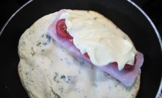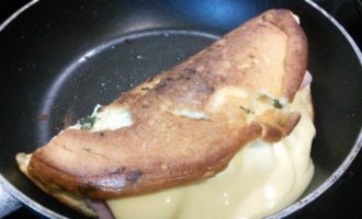 Накрываем второй половиной омлета и допекаем еще 3-4 минуты, пока сыр расплавится.
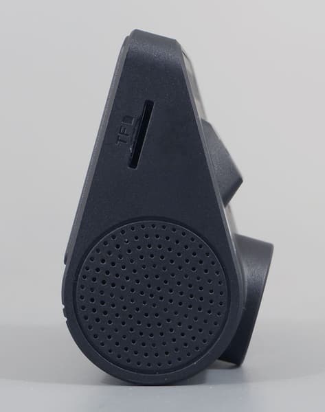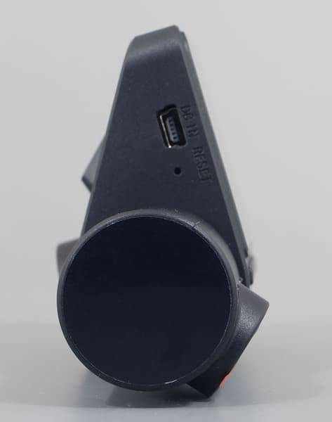 Пластиковый корпус регистратора имеет форму, которая целиком обусловлена назначением устройства. Если бы не нужда в экране, то аппарат выглядел бы как цилиндр с двумя объективами. Здесь же дисплей выступает над цилиндрическим блоком с оптикой. Расположение элементов выглядит продуманным, к качеству отливки деталей и сборки нет никаких претензий (это, к счастью, давно научились делать как следует). Пять механических кнопок, расположенных в ряд под дисплеем, прекрасно нащупываются в темноте. Кнопки не дребезжат, имеют мягкий и четкий ход.
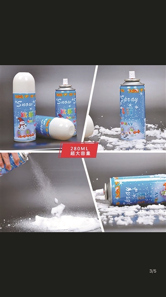 這種“雪花噴霧”外觀類似罐裝的小瓶殺蟲劑噴霧,搖晃后按壓,即可噴出類似雪花的白色泡沫狀物質(zhì),落在衣服上或物品上,一段時(shí)間后會(huì)化成水狀。
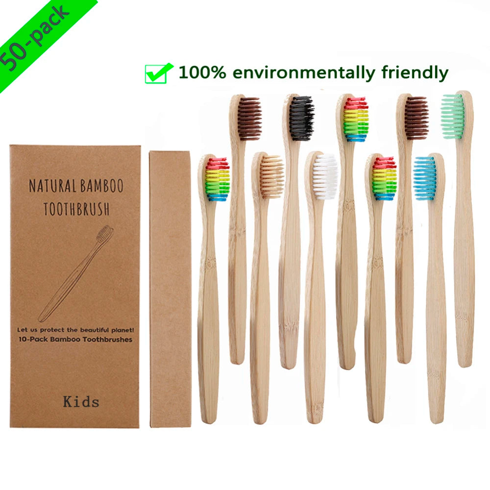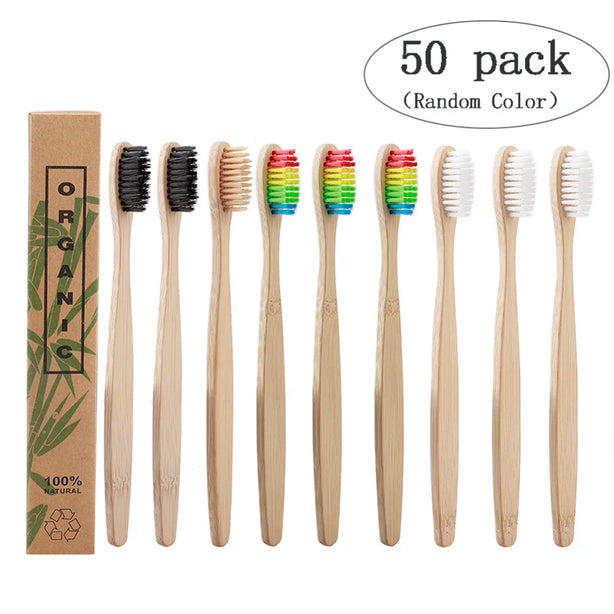 50pcs Natural Bamboo Toothbrush Wood Toothbrushes Soft Bristles Capitellum Fiber Teeth brush Eco-Friendly Oral Tooth Care
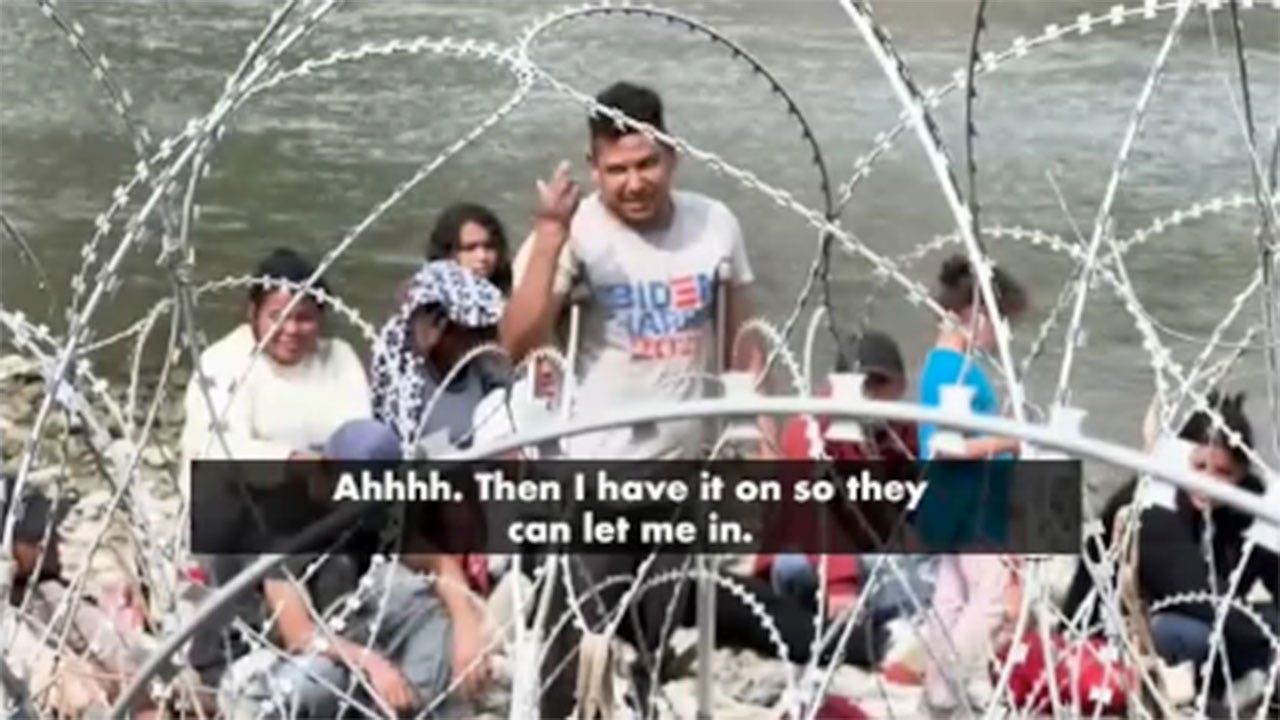 “Oh, yeah. Well, I’m wearing it so you can let me in,” the man replied with a laugh. Those around him also joined in the laughter. The two groups were separated by barbed wire, with what appeared to be the Rio Grande behind the migrants.
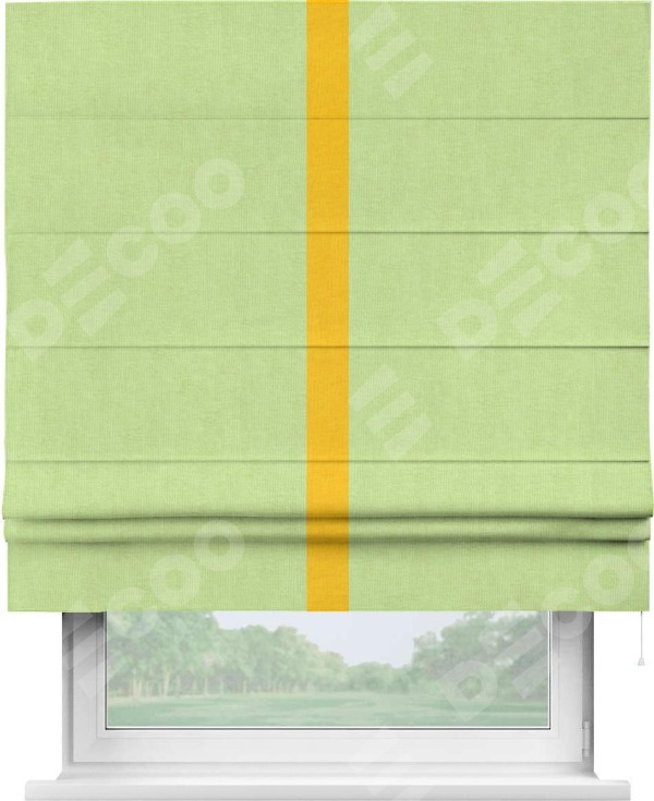 Римская штора производителя «Cortin», используется для проёма, пошита из ткани канвас липовый, артикул ткани v-207. Отделка шторы кантом «Хайвей» (желтый v-344), ткань для канта используется из канваса разной расцветки на выбор. Имеет универсальный механизм и подходит для монтажа: на потолок, на стену и в нишу.
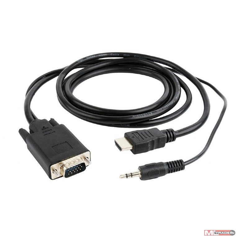 Кабель HDMI->VGA Cablexpert A-HDMI-VGA-03-10, 19M/15M + 3.5Jack, медь, позол.разъемы, 3м, черный, пакет
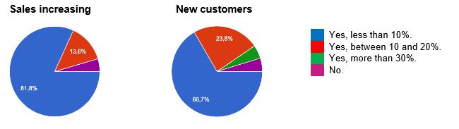 On the other hand, there is also an area dimension: there is now a flow of 206,330 REC across the area and spending in local shops and businesses has increased by 74% (or 25,000 REC) in just the four first months of circulation. Each of the 170 shops and business that accept this currency receive 1,606 REC a month on average and, as a whole, they have earned around 200,000 in these first period. REC recirculation (that is, REC spending by local businesses) is estimated at about 2,375 a month and it is increasingly being used between local businesses and their suppliers. A survey recently conducted by NOVACT among some of these traders has shown that 95.3% of them have increased their customer numbers thanks to the REC introduction, which means that their sales have also increased, as the following graph shows:
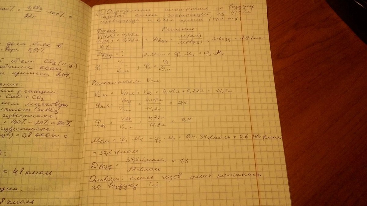 Определите плотность по воздуху газовой смеси, состоящей из 4,48 л сероводорода и 6,72 л агрона (при н.у).
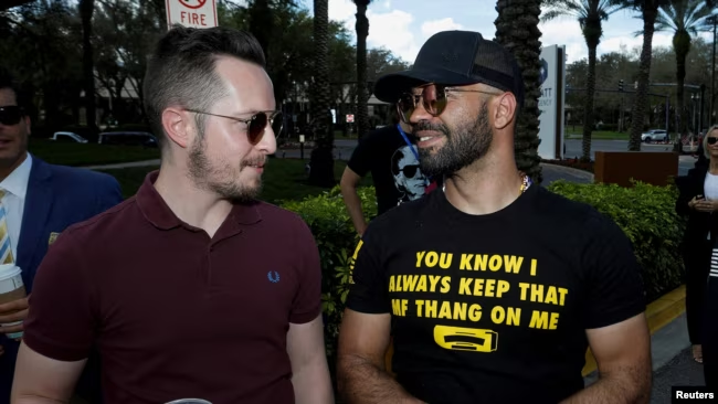 ARCHIVO – Enrique Tarrio (der.), líder de los Proud Boys, junto a un hombre no identificado, a las afueras de la Conferencia de Acción Política Conservadora (CPAC, en inglés) en Orlando, Florida, EEUU, el 27 de febrero de 2021. REUTERS/Octavio Jones.

──────────

◆ What is needed ◆
Set down the records above exactly as written, beginning with the first line and ending with the line that contains "behind the migrants.", and do not include pictures.

◆ Exercise output ◆
 Накрываем второй половиной омлета и допекаем еще 3-4 минуты, пока сыр расплавится.
 Пластиковый корпус регистратора имеет форму, которая целиком обусловлена назначением устройства. Если бы не нужда в экране, то аппарат выглядел бы как цилиндр с двумя объективами. Здесь же дисплей выступает над цилиндрическим блоком с оптикой. Расположение элементов выглядит продуманным, к качеству отливки деталей и сборки нет никаких претензий (это, к счастью, давно научились делать как следует). Пять механических кнопок, расположенных в ряд под дисплеем, прекрасно нащупываются в темноте. Кнопки не дребезжат, имеют мягкий и четкий ход.
 這種“雪花噴霧”外觀類似罐裝的小瓶殺蟲劑噴霧,搖晃后按壓,即可噴出類似雪花的白色泡沫狀物質(zhì),落在衣服上或物品上,一段時(shí)間后會(huì)化成水狀。
 50pcs Natural Bamboo Toothbrush Wood Toothbrushes Soft Bristles Capitellum Fiber Teeth brush Eco-Friendly Oral Tooth Care
 “Oh, yeah. Well, I’m wearing it so you can let me in,” the man replied with a laugh. Those around him also joined in the laughter. The two groups were separated by barbed wire, with what appeared to be the Rio Grande behind the migrants.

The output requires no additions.